Saturday, July 25, 2009

Up from the deep tissue...


I don't splurge on too many indulgences. Sure, I'll polish off a jar of peanuts without drawing a breath. Sometimes I'll add an extra sheet of fabric softener with the wash. If I'm feeling particularly brazen, I'll treat my Saturn to premium. I tend towards frugality.

After playing desk jockey for a while now, I've realized that massage, once regarded as frivolous luxury is now necessity. Massage Envy is a national chain of parlors, each offering memberships for fifty dollars a month, and I've spent that on far, far less. It's comforting, the chain status. Yes, I've seen the ads in the back of City Pages for 'clean, discreet service,' but I'd much rather my neck be burning than my penis.

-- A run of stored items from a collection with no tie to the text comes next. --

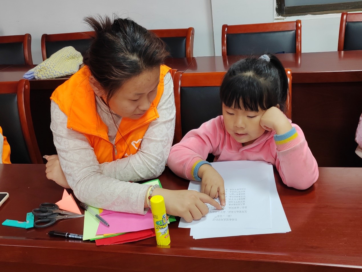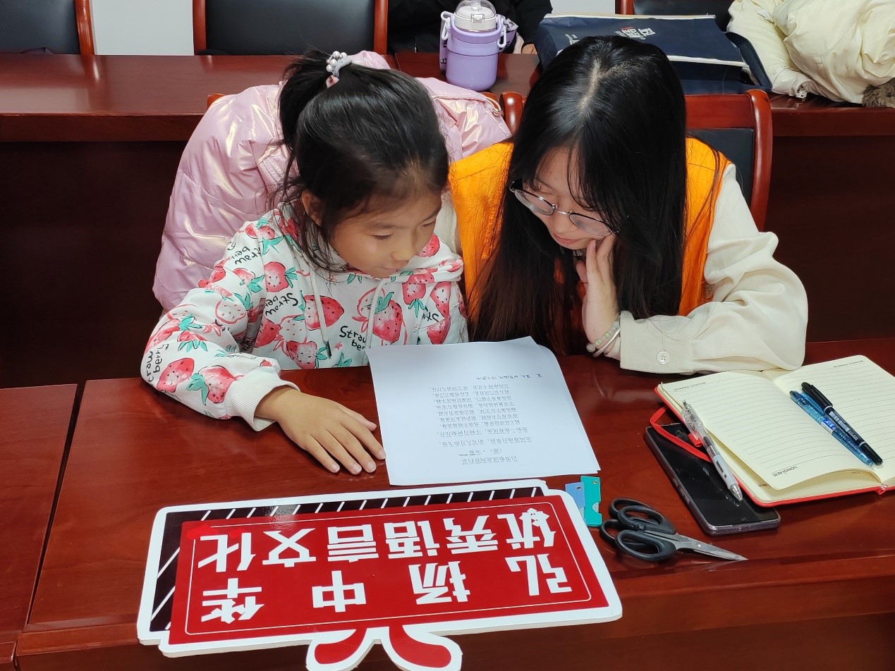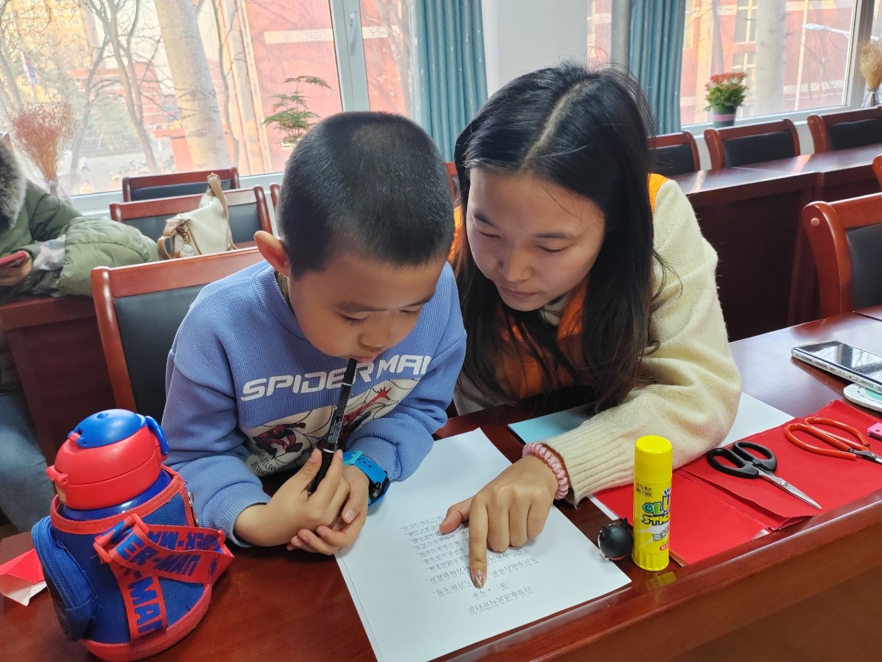 活动现场,气氛热烈而和谐。志愿者向小朋友们展示了有关“雪”的诗词——《逢雪宿芙蓉山主人》和《江雪》,重点讲解了《白雪歌送武判官归京》(节选)。在志愿者的带领下,小朋友们一起朗读诗句、翻译诗句,充分理解诗歌的内容。在诗词讲解之后,活动进行到下一环节——剪纸。小朋友们在志愿者的引导下,开始动手将心中对“雪”的理解和想象用剪纸这一传统艺术形式展现出来。他们认真地折叠、绘画、剪裁,剪出形态各异的雪花。
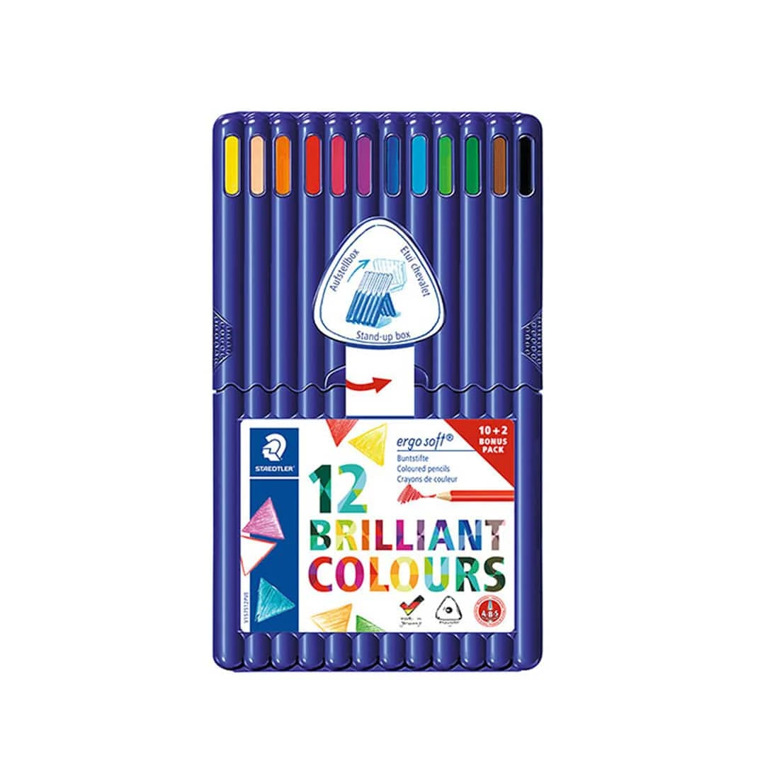 Staedtler Kombi-Set 12 Farbstifte Ergo Soft Brilliant Colours im Aufstell-Etui & 12 Fasermaler Noris 325
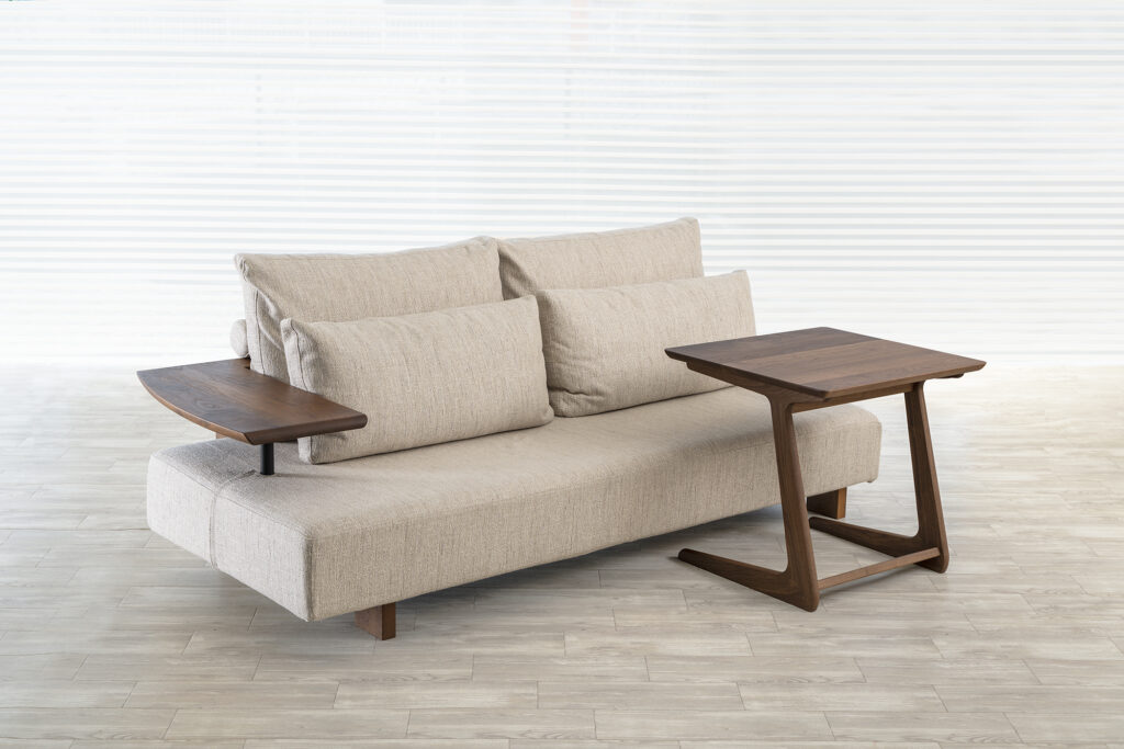 また、アームレス側にサイドテーブルを置くと便利!
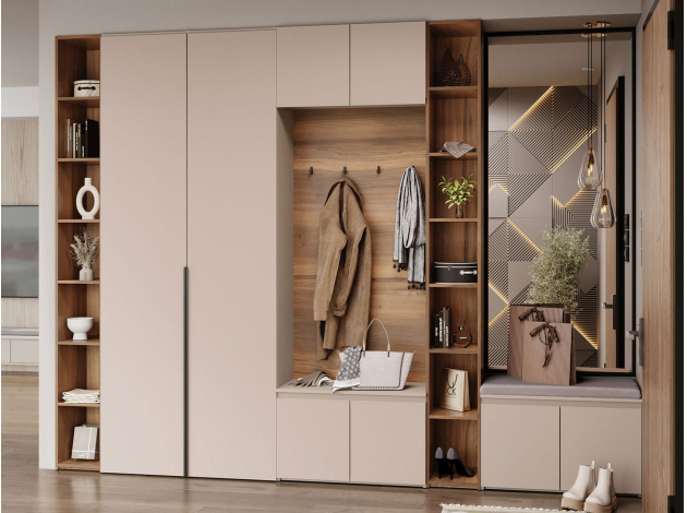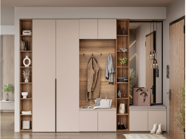 Прихожая Лаура Комбо позволит поддерживать порядок при входе в квартиру. В распашном шкафу находится отделение для хранения сезонной одежды. Напольные тумбы обеспечат место для нескольких пар обуви. Антресольная секция подойдет, чтобы убрать коробки и вещи, которые используются редко. В дизайне акцент сделан на минимализм, что придает мебели аккуратный и современный вид. Панель с текстурой дерева добавляет обстановке нотки теплоты.

I'm greeted at the front-desk by Karen, whom I've seen before. She's a short, wiry, elfin raven with a combustible stare. She asks me what I want. 'Well, I've got tension in my neck from slumping at my desk like a sad, pale computer beast.' I suddenly feel extremely close to this person, like I'm on the verge of spilling every private detail no other therapist could coax from me.

Immediately, I'm undressed to my skivvies, and lying prostrate on a small, elevated pad. The music overhead is Chinese, Enya stuff. I wonder if, after listening to it all day, the staff craves something like Judas Priest. Still, it's relaxing. My face is submerged in a hollowed-donut pillow, which allows for just enough space for my nose to protrude, and drip...drip...drip...

It's allergy season, and my sinuses are gaping. All the while I'm trying to breathe deeply through my congestion, and so wind up sounding like some pervert on a sex chat. 'You've got great hands,' I say, and hope that's a common enough comment. I always wonder how often they're hit on, or if any of them has ever been fired for reciprocating. None of them wear rings, so it's hard to tell if they're single, which adds to the allure.

Karen doesn't say anything for fifty minutes except 'flip over.' It's odd, really: I'll see this woman at least twelve times a year under circumstances that, were I with my girlfriend, would be considered quite intimate. Then, I'll pay her for her services, pull up my pants, and leave, reeking of lavender for the rest of the day. I'll never know anything else about her, and I wouldn't have it any other way.